This first block of code shows the `DYADTorchDataset.worker_init` function. This function is called to initialize the I/O processes that are spawned by the `DyadTorchDataLoader` class. As a result, this function contains two parts: (1) the initialization of PyTorch internals and utilities (e.g., a logger) and (2) the initialization of DYAD.

Normally, DYAD is configured using environment variables, and, as a result, DYAD's initialization can be hidden from users. However, due to PyTorch's complexity and challenges in correctly propagating environment variables through PyTorch's dynamic process spawning, DYAD's transparent, environment variable-based initialization cannot be used in `DYADTorchDataset`. Instead, we manually initialize and configure DYAD using `Dyad.init()`.

In [None]:
display(HTML(highlight(inspect.getsource(DYADTorchDataset.worker_init), PythonLexer(), HtmlFormatter(full=True))))

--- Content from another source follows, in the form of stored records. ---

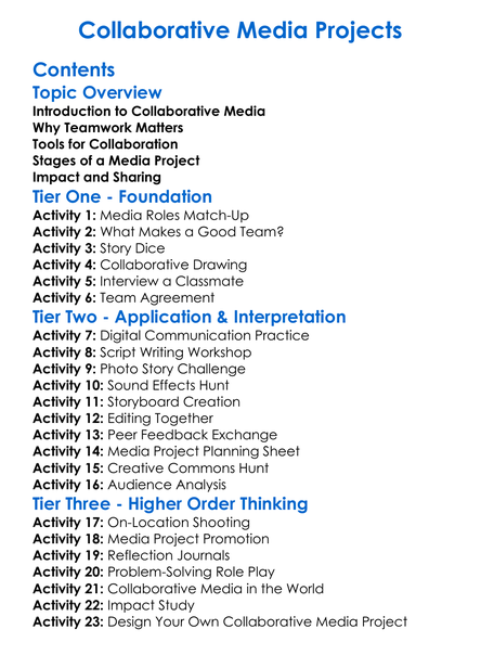Collaborative Media Projects Worksheet Activity Booklet
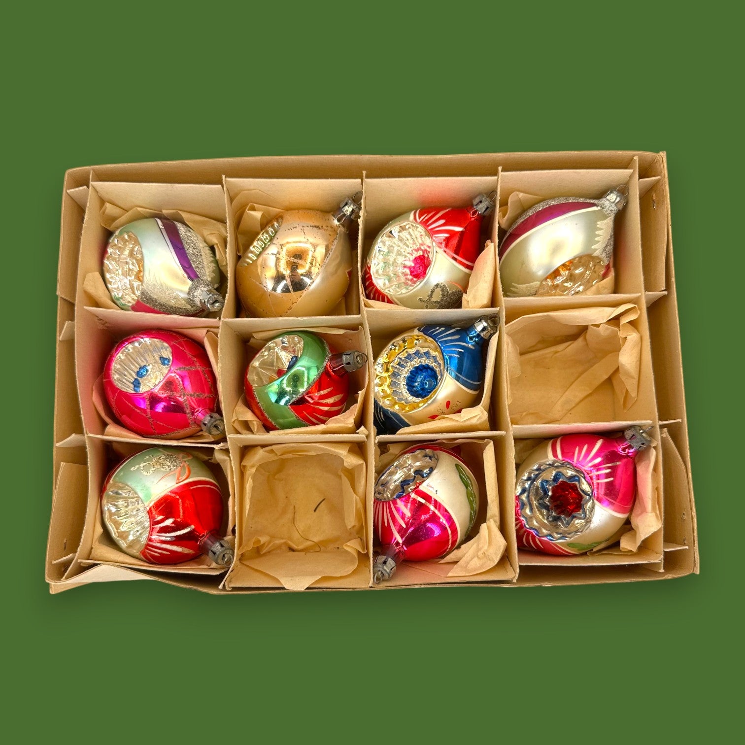 These vibrant, colourful antique Christmas tree ornaments capture the magic of mid-century holiday décor. This exquisite full box contains twelve unique, pressed glass ornaments featuring bright metallic colours like magenta, gold, red, blue, and green, with silvered details and stunning concave indentations, often called 'witches eye' or reflector ornaments. Believed to be from the 1950s or 1960s and likely originating from Poland or East Germany, they embody classic post-war European craftsmanship.
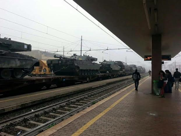 ROMA – Foto di carri armati su un treno. Circolano su Facebook ma sanno di bufale o di allarmismi un po’ prematuri. Le due foto sono di treni che trasportano carri armati e l’ultima segnalazione le etichetta entrambe così: “Roma Tiburtina”. Sembrano invece due stazioni differenti e anche i carri armati non sembrano gli stessi.

This second block of code shows the `DYADTorchDataset.__getitem__` function. This function is called by `DyadTorchDataLoader` to read individual samples for a batch from disk. With other `Dataset` classes, this function would simply identify the file containing the requested sample and read that sample from remote storage (e.g., Lustre) using Python's built-in `open` function. On the other hand, `DYADTorchDataset` does four things. First, it identifies the file containing the requested sample. Second, it uses DYAD's `get_metadata` function to check if that file has already been cached into DYAD. Third, if the file has already been cached, it will retrieve the sample using DYAD's `dyad_open` function. This function retrieves the sample from a different node, if needed, and then makes that sample available through an interface equivalent to Python's built-in `open` function. Finally, if the file has **not** been cached, it will read the sample from remote storage (e.g., Lustre) and cache the sample into DYAD for more efficient future reading.

In [None]:
display(HTML(highlight(inspect.getsource(DYADTorchDataset.__getitem__), PythonLexer(), HtmlFormatter(full=True))))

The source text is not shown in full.